The children are among 30 students working in the Gale Math and Science Academy's greenhouse to beautify Howard Street in Rogers Park. With $6,000 in funding from the Howard Street Special Service Area 19, the Rogers Park Business Alliance has paid for an afterschool gardening program to grow and plant flowers along the street between Ridge Avenue and Sheridan Road.
The business group contracted with Neighbors United in New Possibilities, a nonprofit organization that worked with a local school council to convert the greenhouse from storage space to a hands-on learning resource, said John Hoekwater, director of Neighbors United. Participants include students from Gale in the Family Matters All-Grow tutoring program and Jordan School in the Howard Area Community Center's after-school program.
"It's another local investment in the community," said Kimberly Bares, executive director of the Rogers Park Business Alliance. "This is a great opportunity to hire local talent essentially as vendors." Neighbors United volunteers built the seven growing tables that crowd the Gale greenhouse floor. Hanging baskets overflow with basil, chives, cilantro and tomato plants. The greenhouse's first planting yielded nearly 3,000 plants, Hoekwater said.
In years past, the greenhouse has sold plants to support itself, but it's been difficult to predict what customers will buy, he said. One year, volunteers planted 100 hanging baskets but sold only 30. The contract will provide the program with as much as 95 percent of the funding it needs.
Students and parents who work in the greenhouse receive credits for each hour at a rate of $8 an hour, Hoekwater said. The credits help send kids on a gardening-themed field trip and buy supplies for an outdoor parent garden.
The credits are a way to help families feel more invested, said Gregory Roberts, who has three nieces and nephews at Gale. A dozen parents are involved in the outdoor garden, he said. Last year, Neighbors United worked with families to plant an outdoor garden but gave up midway through the summer when students and parents stopped watering it.
The planters in the Howard corridor also will feature signs to foster community pride by advertising that the planters are maintained by Rogers Park students.

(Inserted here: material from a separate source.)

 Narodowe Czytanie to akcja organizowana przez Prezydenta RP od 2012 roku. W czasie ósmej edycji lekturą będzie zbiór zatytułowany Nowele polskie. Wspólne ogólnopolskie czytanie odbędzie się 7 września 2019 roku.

"We want people to care for the plants," Hoekwater said. "Maybe [the signs] will help people think twice before they drop their trash or pull out plants. It's about creating a sense of ownership."
Back in the greenhouse, Lovell has pointed out aphids colonizing a squash blossom.

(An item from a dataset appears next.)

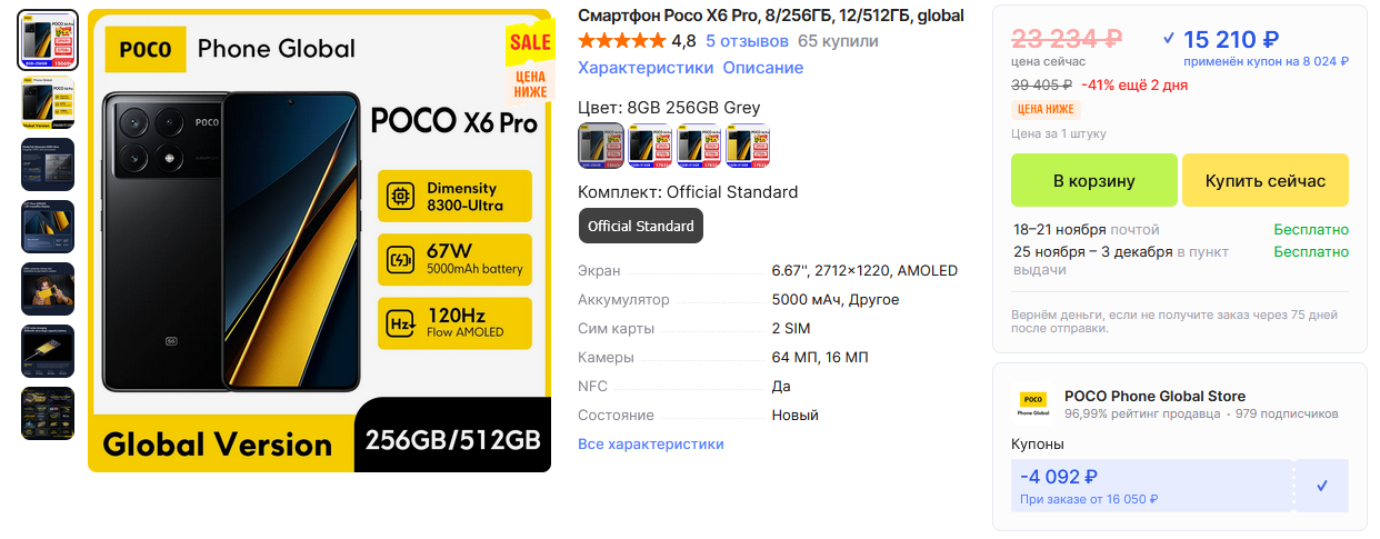 Покупал через я.маркет за 30к вместе со страховкой на 3 месяца. Ага-да, я знаю что для маминых киберкотлет можно было купить какой-нибудь поко с турбонаддувом, но я не хотел поко, это мой осознанный и выстраданный выбор. Ага-да, я знаю что "страховка" - это очень эфемерное понятие, но для устройства неизвестного происхождения страховка за 600р - небольшая цена, которой можно воспользоваться в каких-то случаях.

"How dare they? That's real, real disgusting," Demaya said, aiming her water bottle. "They're harming the beautiful flowers."

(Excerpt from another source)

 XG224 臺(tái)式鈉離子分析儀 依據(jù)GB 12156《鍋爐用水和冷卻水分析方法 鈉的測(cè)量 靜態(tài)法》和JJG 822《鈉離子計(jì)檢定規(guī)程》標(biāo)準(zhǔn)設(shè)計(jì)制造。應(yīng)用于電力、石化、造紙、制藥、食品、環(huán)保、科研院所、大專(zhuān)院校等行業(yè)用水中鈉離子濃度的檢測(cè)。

Since moving the tutoring program into the greenhouse, Lovell said, it's been easier to engage the students, who are too antsy to sit still in a classroom. The curriculum, which incorporates food and nutrition, is based in problem-solving and group activities.
"We've seen a lot more social and emotional growth as a result," Lovell said, "and the kids do have a much better sense of where food comes from and the idea of nutrition."
Now that Latarick Foreman, 10, knows that, he has plans.
"Instead of us buying food, we can just grow it," he said.